Saved data entries:
--

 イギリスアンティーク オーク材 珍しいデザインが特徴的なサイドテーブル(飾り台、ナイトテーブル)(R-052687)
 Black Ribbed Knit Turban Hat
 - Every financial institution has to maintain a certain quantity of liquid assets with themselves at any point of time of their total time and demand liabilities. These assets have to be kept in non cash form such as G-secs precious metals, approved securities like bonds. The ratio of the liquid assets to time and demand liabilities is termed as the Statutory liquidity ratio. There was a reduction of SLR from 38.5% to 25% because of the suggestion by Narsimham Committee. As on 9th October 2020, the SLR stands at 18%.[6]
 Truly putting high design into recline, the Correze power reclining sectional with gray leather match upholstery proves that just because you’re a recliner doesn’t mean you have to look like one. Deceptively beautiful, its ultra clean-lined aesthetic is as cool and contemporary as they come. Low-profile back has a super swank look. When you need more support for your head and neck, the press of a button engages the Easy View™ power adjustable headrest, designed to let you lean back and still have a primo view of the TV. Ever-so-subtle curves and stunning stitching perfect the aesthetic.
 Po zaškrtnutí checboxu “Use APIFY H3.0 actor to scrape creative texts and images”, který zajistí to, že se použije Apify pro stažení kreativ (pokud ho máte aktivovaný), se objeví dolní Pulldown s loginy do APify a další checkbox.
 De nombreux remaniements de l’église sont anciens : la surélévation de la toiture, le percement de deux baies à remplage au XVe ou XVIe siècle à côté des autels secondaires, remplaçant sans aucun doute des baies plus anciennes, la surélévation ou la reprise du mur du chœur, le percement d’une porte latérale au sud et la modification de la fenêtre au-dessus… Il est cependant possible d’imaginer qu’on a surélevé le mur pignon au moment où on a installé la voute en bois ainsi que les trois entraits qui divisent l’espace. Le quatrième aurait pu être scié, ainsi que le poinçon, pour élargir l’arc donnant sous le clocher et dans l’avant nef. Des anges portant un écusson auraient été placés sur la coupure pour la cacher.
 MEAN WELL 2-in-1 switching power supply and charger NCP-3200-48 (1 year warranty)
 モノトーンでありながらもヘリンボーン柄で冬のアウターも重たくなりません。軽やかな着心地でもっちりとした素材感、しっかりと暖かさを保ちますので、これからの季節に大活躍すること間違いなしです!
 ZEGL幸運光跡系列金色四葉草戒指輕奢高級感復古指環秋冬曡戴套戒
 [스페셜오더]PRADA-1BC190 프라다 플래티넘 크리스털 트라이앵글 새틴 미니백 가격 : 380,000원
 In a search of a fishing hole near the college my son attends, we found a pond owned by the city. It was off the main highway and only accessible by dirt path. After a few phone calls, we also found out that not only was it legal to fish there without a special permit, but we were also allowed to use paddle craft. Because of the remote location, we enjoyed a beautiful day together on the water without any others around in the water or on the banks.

--

§ Problem description: Write out every entry above, word for word.

§ Response to the exercise:
 イギリスアンティーク オーク材 珍しいデザインが特徴的なサイドテーブル(飾り台、ナイトテーブル)(R-052687)
 Black Ribbed Knit Turban Hat
 - Every financial institution has to maintain a certain quantity of liquid assets with themselves at any point of time of their total time and demand liabilities. These assets have to be kept in non cash form such as G-secs precious metals, approved securities like bonds. The ratio of the liquid assets to time and demand liabilities is termed as the Statutory liquidity ratio. There was a reduction of SLR from 38.5% to 25% because of the suggestion by Narsimham Committee. As on 9th October 2020, the SLR stands at 18%.[6]
 Truly putting high design into recline, the Correze power reclining sectional with gray leather match upholstery proves that just because you’re a recliner doesn’t mean you have to look like one. Deceptively beautiful, its ultra clean-lined aesthetic is as cool and contemporary as they come. Low-profile back has a super swank look. When you need more support for your head and neck, the press of a button engages the Easy View™ power adjustable headrest, designed to let you lean back and still have a primo view of the TV. Ever-so-subtle curves and stunning stitching perfect the aesthetic.
 Po zaškrtnutí checboxu “Use APIFY H3.0 actor to scrape creative texts and images”, který zajistí to, že se použije Apify pro stažení kreativ (pokud ho máte aktivovaný), se objeví dolní Pulldown s loginy do APify a další checkbox.
 De nombreux remaniements de l’église sont anciens : la surélévation de la toiture, le percement de deux baies à remplage au XVe ou XVIe siècle à côté des autels secondaires, remplaçant sans aucun doute des baies plus anciennes, la surélévation ou la reprise du mur du chœur, le percement d’une porte latérale au sud et la modification de la fenêtre au-dessus… Il est cependant possible d’imaginer qu’on a surélevé le mur pignon au moment où on a installé la voute en bois ainsi que les trois entraits qui divisent l’espace. Le quatrième aurait pu être scié, ainsi que le poinçon, pour élargir l’arc donnant sous le clocher et dans l’avant nef. Des anges portant un écusson auraient été placés sur la coupure pour la cacher.
 MEAN WELL 2-in-1 switching power supply and charger NCP-3200-48 (1 year warranty)
 モノトーンでありながらもヘリンボーン柄で冬のアウターも重たくなりません。軽やかな着心地でもっちりとした素材感、しっかりと暖かさを保ちますので、これからの季節に大活躍すること間違いなしです!
 ZEGL幸運光跡系列金色四葉草戒指輕奢高級感復古指環秋冬曡戴套戒
 [스페셜오더]PRADA-1BC190 프라다 플래티넘 크리스털 트라이앵글 새틴 미니백 가격 : 380,000원
 In a search of a fishing hole near the college my son attends, we found a pond owned by the city. It was off the main highway and only accessible by dirt path. After a few phone calls, we also found out that not only was it legal to fish there without a special permit, but we were also allowed to use paddle craft. Because of the remote location, we enjoyed a beautiful day together on the water without any others around in the water or on the banks.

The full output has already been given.